» WHAT YOU HAVE TO DO
For the entries below, repeat exactly each line starting with the one that contains "CP - Olympiades UNSS 78 - 31 mai 2023" and going on through the one that contains "Таблицы применяют для", and no others.

» THE RECORDS
- Opening Delimiter -

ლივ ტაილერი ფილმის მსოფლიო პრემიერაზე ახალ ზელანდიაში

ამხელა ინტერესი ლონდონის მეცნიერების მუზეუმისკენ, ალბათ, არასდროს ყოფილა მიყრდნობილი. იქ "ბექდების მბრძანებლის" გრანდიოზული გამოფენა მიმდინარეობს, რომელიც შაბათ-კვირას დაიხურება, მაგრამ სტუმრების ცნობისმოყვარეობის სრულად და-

- Closing Delimiter -
- Opening Delimiter -

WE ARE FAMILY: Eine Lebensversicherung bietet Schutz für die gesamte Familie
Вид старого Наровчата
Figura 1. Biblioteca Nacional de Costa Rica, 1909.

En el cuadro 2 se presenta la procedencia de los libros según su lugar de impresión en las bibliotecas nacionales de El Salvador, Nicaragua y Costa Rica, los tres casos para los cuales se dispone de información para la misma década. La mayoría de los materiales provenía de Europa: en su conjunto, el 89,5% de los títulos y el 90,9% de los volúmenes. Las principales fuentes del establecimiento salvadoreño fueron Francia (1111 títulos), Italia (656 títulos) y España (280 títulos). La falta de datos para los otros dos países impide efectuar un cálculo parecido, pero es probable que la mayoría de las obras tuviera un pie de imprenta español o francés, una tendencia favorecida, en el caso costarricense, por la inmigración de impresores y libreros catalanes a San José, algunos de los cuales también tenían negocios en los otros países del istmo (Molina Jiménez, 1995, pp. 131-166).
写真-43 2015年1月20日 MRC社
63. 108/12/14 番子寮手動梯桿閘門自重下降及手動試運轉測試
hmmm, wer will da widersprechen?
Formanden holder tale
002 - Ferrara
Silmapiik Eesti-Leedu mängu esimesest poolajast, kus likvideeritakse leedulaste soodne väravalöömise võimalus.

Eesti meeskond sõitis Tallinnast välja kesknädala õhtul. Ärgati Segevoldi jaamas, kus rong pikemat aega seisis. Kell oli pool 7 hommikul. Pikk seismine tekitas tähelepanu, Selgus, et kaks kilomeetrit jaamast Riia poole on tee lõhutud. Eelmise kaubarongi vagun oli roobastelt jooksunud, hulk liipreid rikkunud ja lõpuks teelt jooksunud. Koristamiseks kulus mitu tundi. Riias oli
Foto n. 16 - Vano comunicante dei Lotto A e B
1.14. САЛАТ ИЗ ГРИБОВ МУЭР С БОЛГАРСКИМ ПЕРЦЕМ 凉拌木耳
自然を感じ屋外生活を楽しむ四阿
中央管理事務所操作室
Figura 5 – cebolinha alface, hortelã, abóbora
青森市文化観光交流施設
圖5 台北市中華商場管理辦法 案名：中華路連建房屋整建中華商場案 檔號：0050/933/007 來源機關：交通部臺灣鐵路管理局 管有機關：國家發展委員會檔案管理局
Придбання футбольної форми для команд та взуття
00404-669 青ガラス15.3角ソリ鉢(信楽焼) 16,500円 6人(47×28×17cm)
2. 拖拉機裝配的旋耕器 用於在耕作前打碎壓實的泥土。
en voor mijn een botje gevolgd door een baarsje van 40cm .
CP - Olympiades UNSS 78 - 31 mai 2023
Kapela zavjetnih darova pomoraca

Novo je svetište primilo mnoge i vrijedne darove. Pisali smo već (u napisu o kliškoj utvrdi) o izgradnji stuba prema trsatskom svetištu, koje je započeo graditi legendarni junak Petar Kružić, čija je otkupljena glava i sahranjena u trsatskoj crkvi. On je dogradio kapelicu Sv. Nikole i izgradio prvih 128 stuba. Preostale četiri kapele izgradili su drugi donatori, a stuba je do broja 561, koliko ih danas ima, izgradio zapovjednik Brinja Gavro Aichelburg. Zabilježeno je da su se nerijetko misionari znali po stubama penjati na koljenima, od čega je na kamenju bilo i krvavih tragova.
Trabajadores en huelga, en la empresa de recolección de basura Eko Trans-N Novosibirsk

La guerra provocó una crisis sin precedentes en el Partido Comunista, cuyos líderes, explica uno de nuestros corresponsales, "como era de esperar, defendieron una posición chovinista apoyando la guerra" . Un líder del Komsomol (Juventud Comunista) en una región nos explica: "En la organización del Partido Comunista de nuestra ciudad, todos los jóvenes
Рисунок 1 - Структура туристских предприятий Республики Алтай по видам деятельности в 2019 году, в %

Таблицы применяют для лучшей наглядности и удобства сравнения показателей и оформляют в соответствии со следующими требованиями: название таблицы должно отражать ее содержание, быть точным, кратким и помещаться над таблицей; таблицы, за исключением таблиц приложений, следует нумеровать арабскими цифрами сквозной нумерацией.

- Closing Delimiter -
- Opening Delimiter -

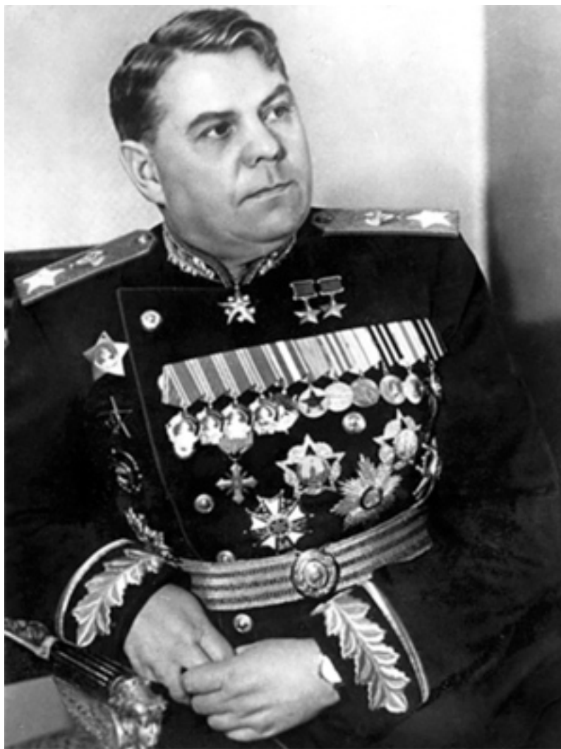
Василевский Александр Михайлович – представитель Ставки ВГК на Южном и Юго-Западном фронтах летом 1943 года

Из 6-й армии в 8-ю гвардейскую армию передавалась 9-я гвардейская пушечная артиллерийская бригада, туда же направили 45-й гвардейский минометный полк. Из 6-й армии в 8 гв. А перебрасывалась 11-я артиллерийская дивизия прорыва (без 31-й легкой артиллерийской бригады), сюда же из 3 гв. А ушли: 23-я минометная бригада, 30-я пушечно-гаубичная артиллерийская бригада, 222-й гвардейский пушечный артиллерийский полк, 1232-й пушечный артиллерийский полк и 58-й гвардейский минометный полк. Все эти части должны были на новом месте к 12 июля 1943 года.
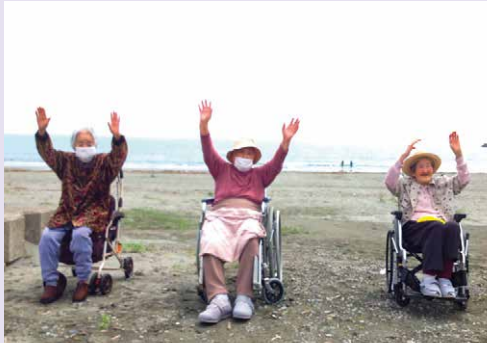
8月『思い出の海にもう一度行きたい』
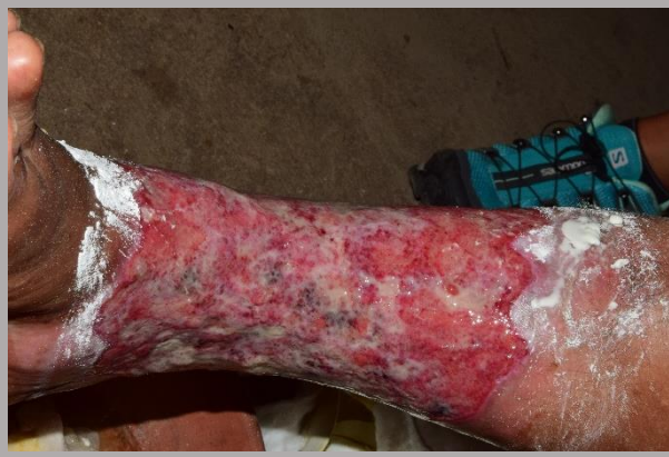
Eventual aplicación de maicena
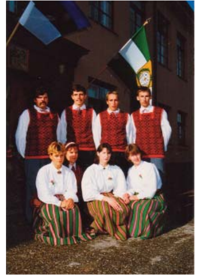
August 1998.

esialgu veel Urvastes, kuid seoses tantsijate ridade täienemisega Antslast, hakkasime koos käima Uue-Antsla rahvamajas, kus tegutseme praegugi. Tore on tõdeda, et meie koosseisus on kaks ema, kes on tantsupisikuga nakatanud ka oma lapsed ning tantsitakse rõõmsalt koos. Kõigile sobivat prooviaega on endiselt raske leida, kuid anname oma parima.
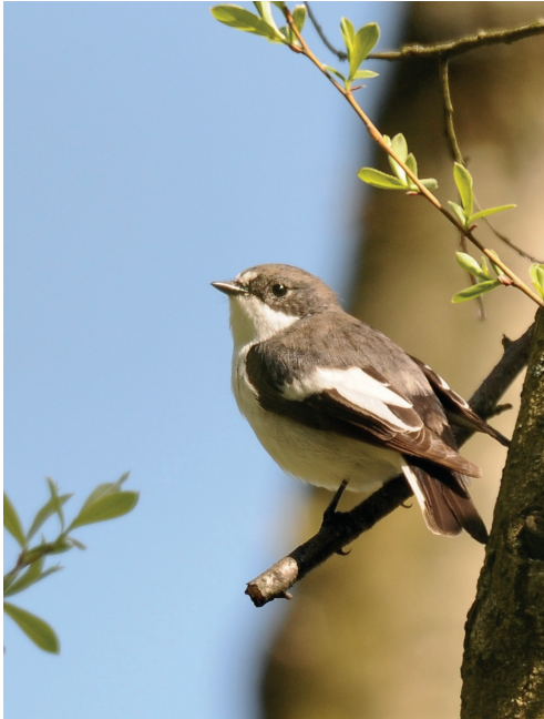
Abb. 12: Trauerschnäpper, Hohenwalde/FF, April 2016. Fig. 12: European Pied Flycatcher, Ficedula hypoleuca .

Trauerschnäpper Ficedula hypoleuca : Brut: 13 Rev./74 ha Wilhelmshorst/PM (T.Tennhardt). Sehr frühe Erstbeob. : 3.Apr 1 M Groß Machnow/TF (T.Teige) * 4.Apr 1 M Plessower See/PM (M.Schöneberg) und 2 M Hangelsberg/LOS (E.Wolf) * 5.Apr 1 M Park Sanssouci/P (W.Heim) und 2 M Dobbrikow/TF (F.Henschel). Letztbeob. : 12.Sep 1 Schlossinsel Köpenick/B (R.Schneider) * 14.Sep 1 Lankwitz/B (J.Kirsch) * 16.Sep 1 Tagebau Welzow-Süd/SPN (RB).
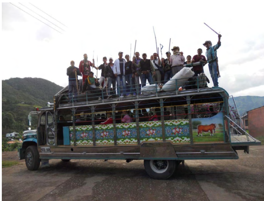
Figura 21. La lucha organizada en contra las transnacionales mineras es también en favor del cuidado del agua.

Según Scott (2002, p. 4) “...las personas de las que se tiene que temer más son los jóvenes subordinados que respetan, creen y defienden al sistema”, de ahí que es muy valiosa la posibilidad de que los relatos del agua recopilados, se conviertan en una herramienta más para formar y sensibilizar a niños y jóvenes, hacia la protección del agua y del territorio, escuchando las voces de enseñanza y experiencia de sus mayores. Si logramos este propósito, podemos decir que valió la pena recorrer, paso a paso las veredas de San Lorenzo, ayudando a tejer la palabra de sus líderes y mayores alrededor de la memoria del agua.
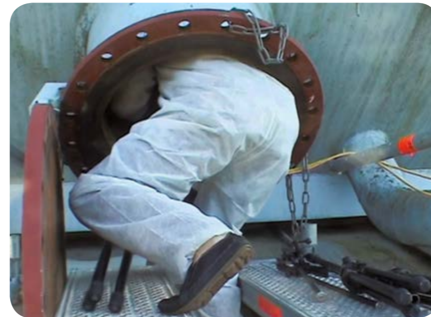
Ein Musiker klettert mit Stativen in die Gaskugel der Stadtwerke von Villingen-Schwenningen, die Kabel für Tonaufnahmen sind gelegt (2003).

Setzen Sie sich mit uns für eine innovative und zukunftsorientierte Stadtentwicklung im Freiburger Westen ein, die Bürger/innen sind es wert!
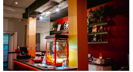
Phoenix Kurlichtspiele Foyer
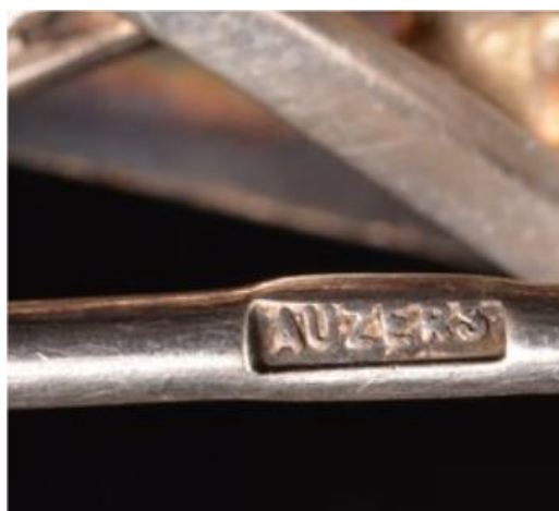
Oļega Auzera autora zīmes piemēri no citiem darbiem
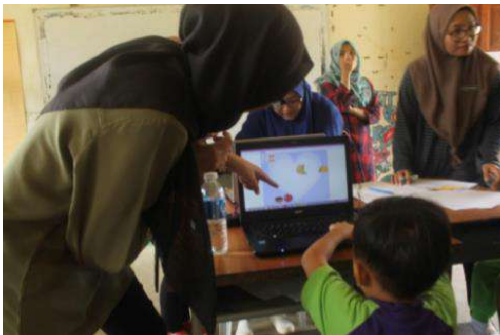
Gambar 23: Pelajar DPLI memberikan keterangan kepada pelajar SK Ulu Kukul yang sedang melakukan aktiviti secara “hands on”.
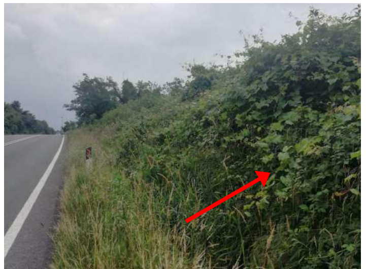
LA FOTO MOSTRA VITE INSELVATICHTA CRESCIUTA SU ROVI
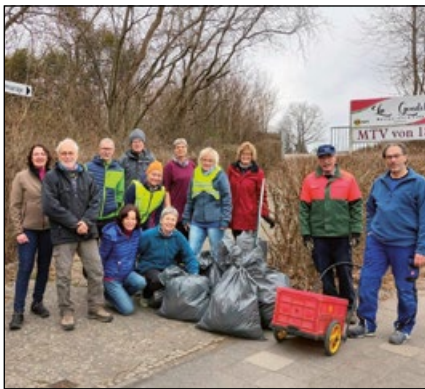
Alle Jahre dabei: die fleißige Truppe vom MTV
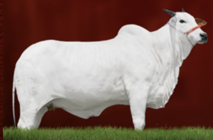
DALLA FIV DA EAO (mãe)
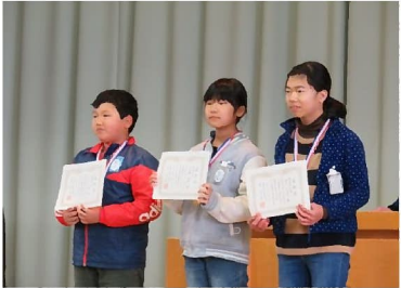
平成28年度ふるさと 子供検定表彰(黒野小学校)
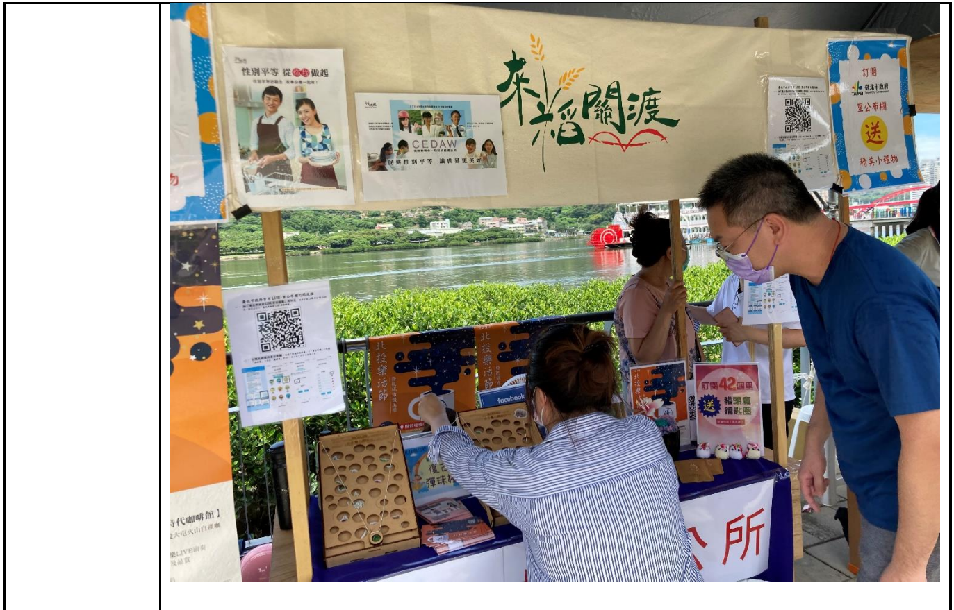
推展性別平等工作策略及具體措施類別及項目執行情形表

- Closing Delimiter -

» RESPONSE BELOW
CP - Olympiades UNSS 78 - 31 mai 2023
Kapela zavjetnih darova pomoraca

Novo je svetište primilo mnoge i vrijedne darove. Pisali smo već (u napisu o kliškoj utvrdi) o izgradnji stuba prema trsatskom svetištu, koje je započeo graditi legendarni junak Petar Kružić, čija je otkupljena glava i sahranjena u trsatskoj crkvi. On je dogradio kapelicu Sv. Nikole i izgradio prvih 128 stuba. Preostale četiri kapele izgradili su drugi donatori, a stuba je do broja 561, koliko ih danas ima, izgradio zapovjednik Brinja Gavro Aichelburg. Zabilježeno je da su se nerijetko misionari znali po stubama penjati na koljenima, od čega je na kamenju bilo i krvavih tragova.
Trabajadores en huelga, en la empresa de recolección de basura Eko Trans-N Novosibirsk

La guerra provocó una crisis sin precedentes en el Partido Comunista, cuyos líderes, explica uno de nuestros corresponsales, "como era de esperar, defendieron una posición chovinista apoyando la guerra" . Un líder del Komsomol (Juventud Comunista) en una región nos explica: "En la organización del Partido Comunista de nuestra ciudad, todos los jóvenes
Рисунок 1 - Структура туристских предприятий Республики Алтай по видам деятельности в 2019 году, в %

Таблицы применяют для лучшей наглядности и удобства сравнения показателей и оформляют в соответствии со следующими требованиями: название таблицы должно отражать ее содержание, быть точным, кратким и помещаться над таблицей; таблицы, за исключением таблиц приложений, следует нумеровать арабскими цифрами сквозной нумерацией.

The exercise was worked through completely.